### What this task involves
Transcribe, exactly and without pictures, the lines below from the line with "シュシュをショール留めにして、上品な色合わせに。" to the line with "Use this relief", both ends included, and no others.

### Excerpted data

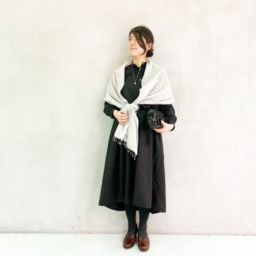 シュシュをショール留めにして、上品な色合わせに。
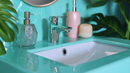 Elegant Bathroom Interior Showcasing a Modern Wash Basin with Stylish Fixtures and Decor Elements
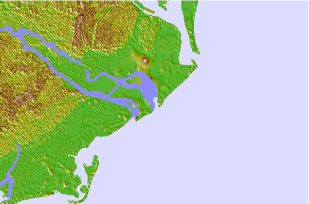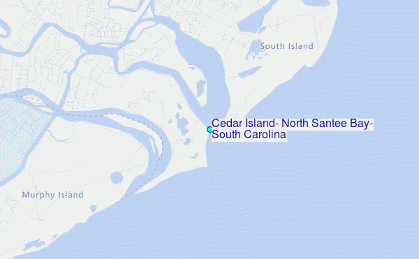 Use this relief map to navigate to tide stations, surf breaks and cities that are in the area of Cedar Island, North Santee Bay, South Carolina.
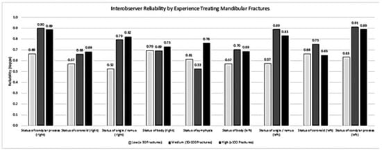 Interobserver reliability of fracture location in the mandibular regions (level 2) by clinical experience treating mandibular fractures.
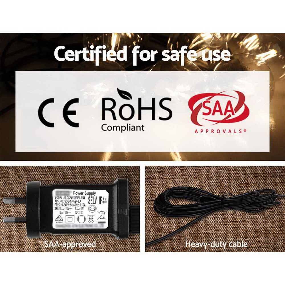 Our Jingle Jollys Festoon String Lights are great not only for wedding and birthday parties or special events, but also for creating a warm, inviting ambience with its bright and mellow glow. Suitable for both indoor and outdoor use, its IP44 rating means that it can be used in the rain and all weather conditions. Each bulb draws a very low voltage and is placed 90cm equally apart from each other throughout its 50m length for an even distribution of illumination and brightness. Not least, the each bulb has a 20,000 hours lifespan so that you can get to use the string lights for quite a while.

--

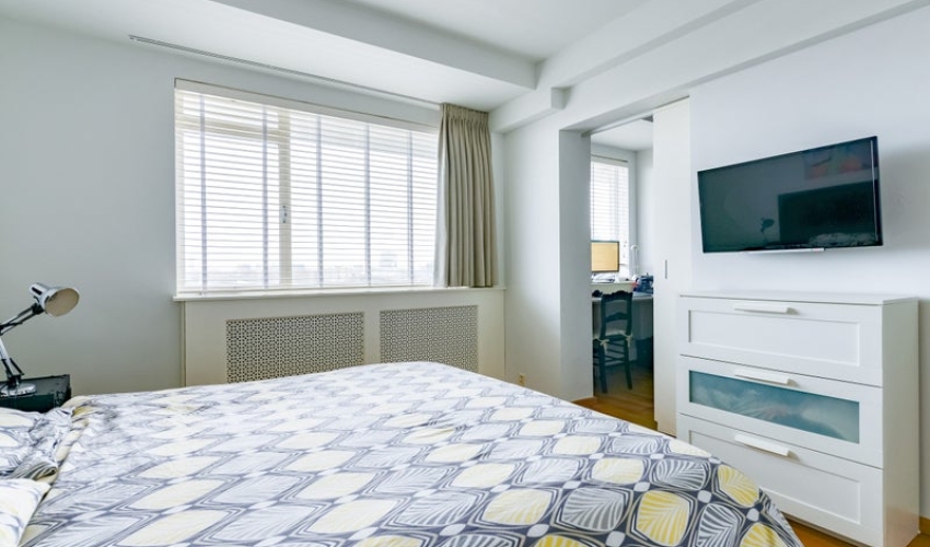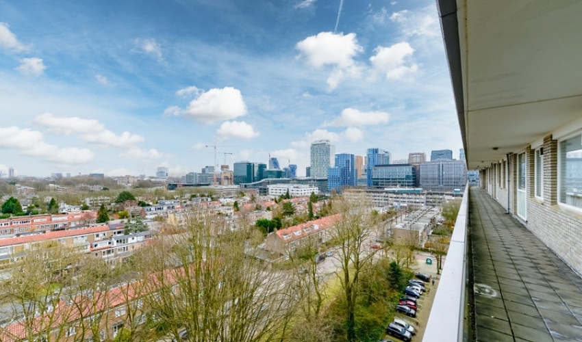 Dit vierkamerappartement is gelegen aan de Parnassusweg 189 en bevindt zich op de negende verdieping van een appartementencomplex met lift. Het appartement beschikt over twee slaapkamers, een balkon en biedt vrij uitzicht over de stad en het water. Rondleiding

### Answer
 シュシュをショール留めにして、上品な色合わせに。
 Elegant Bathroom Interior Showcasing a Modern Wash Basin with Stylish Fixtures and Decor Elements
 Use this relief map to navigate to tide stations, surf breaks and cities that are in the area of Cedar Island, North Santee Bay, South Carolina.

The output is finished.